Start your day at Caffè Sant’Eustachio, one of those old-school Roman coffee bars that still does things the classic way. It’s best early, before the rush, and if you stand at the bar like a local, your espresso comes fast and the bill stays reasonable — usually around €5–10 for a coffee and a pastry. From there, it’s an easy walk through the historic center to The Pantheon, and going in the morning is the smartest move because the light is beautiful and the crowds are lighter before midday. Entry is usually free or low-cost depending on the current ticketing rules, and I’d give yourself about an hour to really look up at the oculus, the proportions, and the tombs without hurrying.
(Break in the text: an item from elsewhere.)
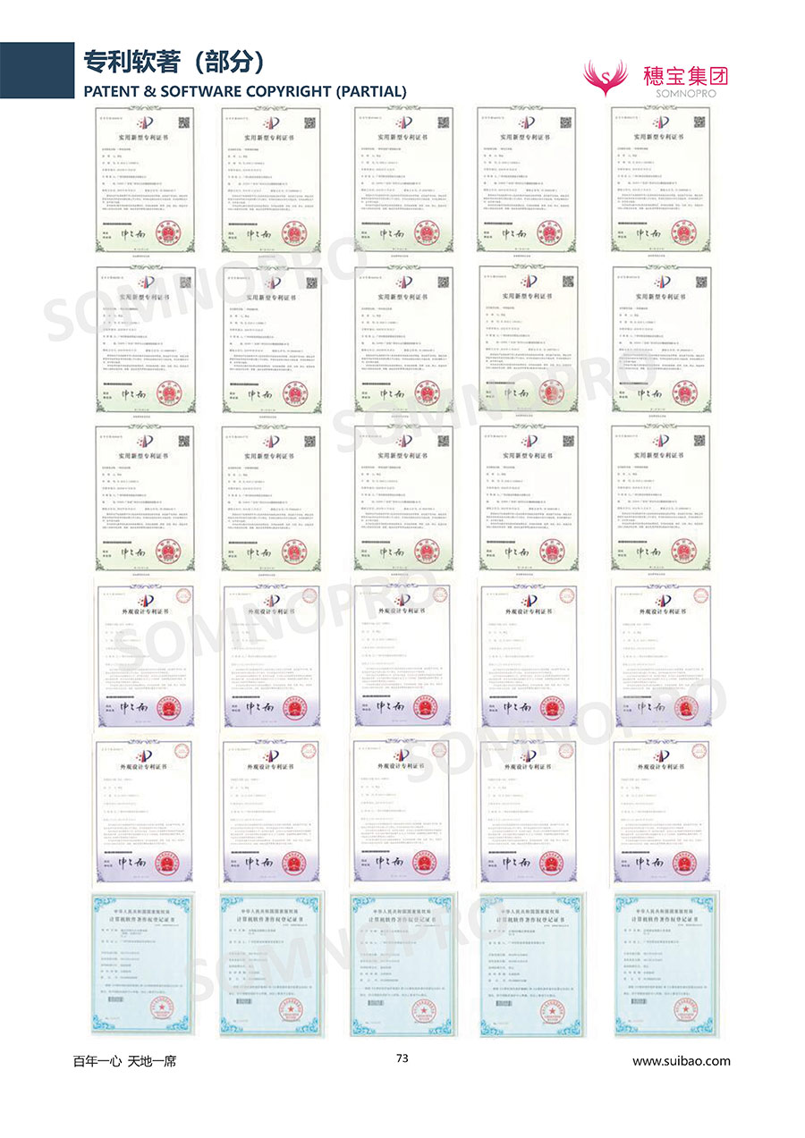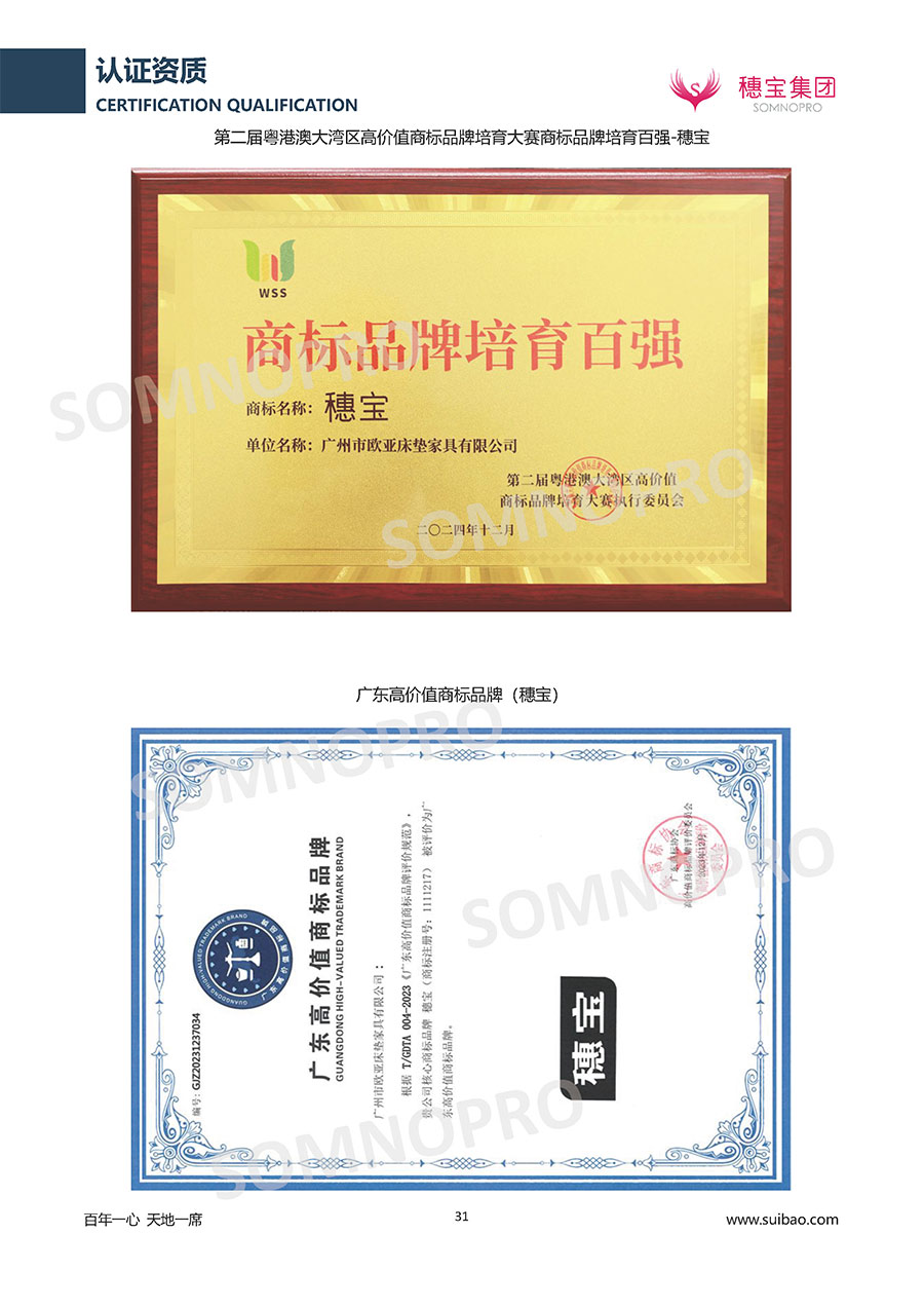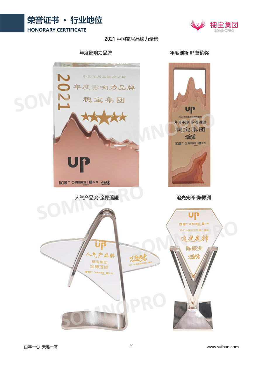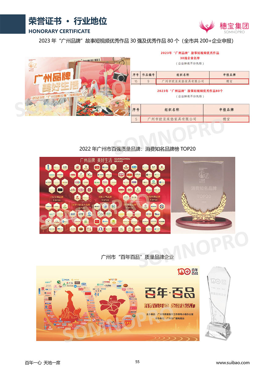 自1971年獨(dú)立研發(fā)生產(chǎn)出專(zhuān)屬?lài)?guó)人的彈簧床墊,穗寶關(guān)于優(yōu)質(zhì)深度睡眠的研究已有半個(gè)世紀(jì)的歷史。穗寶一直專(zhuān)注床墊,專(zhuān)注中國(guó)消費(fèi)者的睡眠研究,針對(duì)中國(guó)人特點(diǎn)進(jìn)行優(yōu)化創(chuàng)新,不斷提升國(guó)人的睡眠體驗(yàn),只為成就每個(gè)晚上8小時(shí)的優(yōu)質(zhì)深度睡眠。憑借不斷革新的研發(fā)科技和深受消費(fèi)者信賴(lài)的產(chǎn)品品質(zhì),穗寶集團(tuán)旗下品牌和產(chǎn)品屢獲國(guó)內(nèi)外大獎(jiǎng),連續(xù)20年榮膺中國(guó)500最具價(jià)值品牌,品牌價(jià)值高達(dá)302.89億元。

After the Pantheon, wander over to Piazza Navona, which is one of the most pleasant places in Rome to simply slow down and take in the city. The fountains, the street artists, the cafés under the arcades — it all feels very Roman, especially if you linger rather than treat it like a photo stop. This is a lovely place to just drift, maybe stop for a gelato, and enjoy the square before lunch. The walk from the Pantheon is short and flat, so there’s no need for transport; just follow the lanes and let the side streets do the work.
For lunch, head to Roscioli in Regola, a real Rome institution if you want one excellent meal in the center. It’s a bit of a splurge by Roman standards, with lunch often landing around €30–50 per person, but the pasta, cheeses, and cured meats are genuinely worth it. Reservations help a lot, especially on weekends, and the space fills quickly. Afterward, make your way to Campo de’ Fiori Market for a lively early-afternoon browse: expect stalls with produce, spices, dried pasta, oils, and packaged specialties more than a true neighborhood food market these days, but it’s still a fun stop and very much part of the center’s daily rhythm. If you’re coming from Roscioli, it’s an easy stroll, and the whole area works best when you don’t over-plan it — just wander a little and see what catches your eye.
End the day with a quieter, more reflective stop at Sant’Ignazio di Loyola Church in Pigna. It’s one of those places that surprises people because the exterior is modest, but inside you get that famous illusionistic ceiling fresco that makes the church look dramatically larger than it is. It’s usually free to enter, and 20–45 minutes is plenty unless you really want to sit and study the ceiling effect. After the busy piazzas and market, it’s a nice reset — calm, cool, and a little tucked away, which is often exactly what you want in central Rome before heading back out for the evening.